ECN isn't a necessity unless you need truly lossless network but the rest should get you pretty far as long as you are reasonably careful about communication patterns and blocking ratio of spine/core.
For anything that really needs the lowest possible latency at the cost of all other considerations there is still always Infiniband.
wbl 6 days ago |
QUIC is not trying to solve the same problem as Ousterhout is. End user networks very different from datacenter.
parasubvert 5 days ago |
How so? The same RPC-oriented L7 protocols are largely in use, just with a lot more east/west communications.
aseipp 5 days ago |
QUIC and Homa are not remotely similar and have completely different design constraints. I have no idea why people keep bringing up QUIC in this thread other than "It's another thing that isn't TCP." Yes, many things are not-TCP. The details are what matter.
parasubvert 5 days ago |
Not remotely similar? Both are RPC (request/response) optimized and are focused on removing head of line blocking and strict need for FIFO message ordering in favour of multiplexing.
QUIC is more focused on the global web applications, but most datacentres also leverage the web protocols (REST on HTTP 1.1 or HTTP/2, gRPC HTTP/2) for their inter-process communication, just with a a lot more east-west traffic (arguably 10x for every 1x N/S flow).
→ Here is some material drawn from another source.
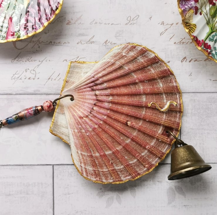 These shell decorations are handmade using the decoupage technique on to natural scallop shells. The shells are then sealed and glazed with resin, giving them a glossy porcelain like finish and the edges gilded with gold.

There's also a fair amount app-specific messaging stacks (usually L7 over TCP) like Kafka, NATS or AMQP which have their own L7 facilities for dealing with TCP drawbacks that might benefit from a retrofit like Homa, but it's not clear if it's worth the effort.
They are design approaches for solving similar requirements. Yes, homa deals with other things (makes ECMP load balancing easier) but also has blindspots on datacenter requirements like security: a lot of data centre traffic requires hop by hop TLS for authentication, integrity and privacy, QUIC explicitly focuses on improving latency of TLS handshakes.
dveeden2 6 days ago |
Wasn't something like HOMA already tried with SCTP?
iforgotpassword 6 days ago |
And QUIC. And that thing tesla presented recently, with custom silicon even.
And as usual, hardware gets faster, better and cheaper over the next years and suddenly the problem isn't a problem anymore - if it even ever was for the vast majority of applications. We only recently got a new fleet of compute nodes with 100gbit NICs. The previous one only had 10, plus omnipath. We're going ethernet only this time.
I remember when saturating 10gbit/s was a challenge. This time around, reaching line speed with tcp, the server didn't even break a sweat. No jumbo frames, no fiddling with tunables. And that actually was while testing with 4 years old xeon boxes, not even the final hw.
Again, I can see how there are use cases that benefit from even lower latency, but thats a niche compared to all DC business, and I'd assume you might just want rdma in that case, instead of optimizing on top of ethernet or IP.
silisili 6 days ago |
This is a solid answer, as someone on the ground. TCP is not the bogeyman people point it out to be. It's the poison apple where some folks are looking for low hanging fruit.
GoblinSlayer 6 days ago |
> For many years, RDMA NICs could cache the state for only a few hundred connections; if the number of active connections exceeded the cache size, information had to be shuffled between host memory and the NIC, with a considerable loss in performance.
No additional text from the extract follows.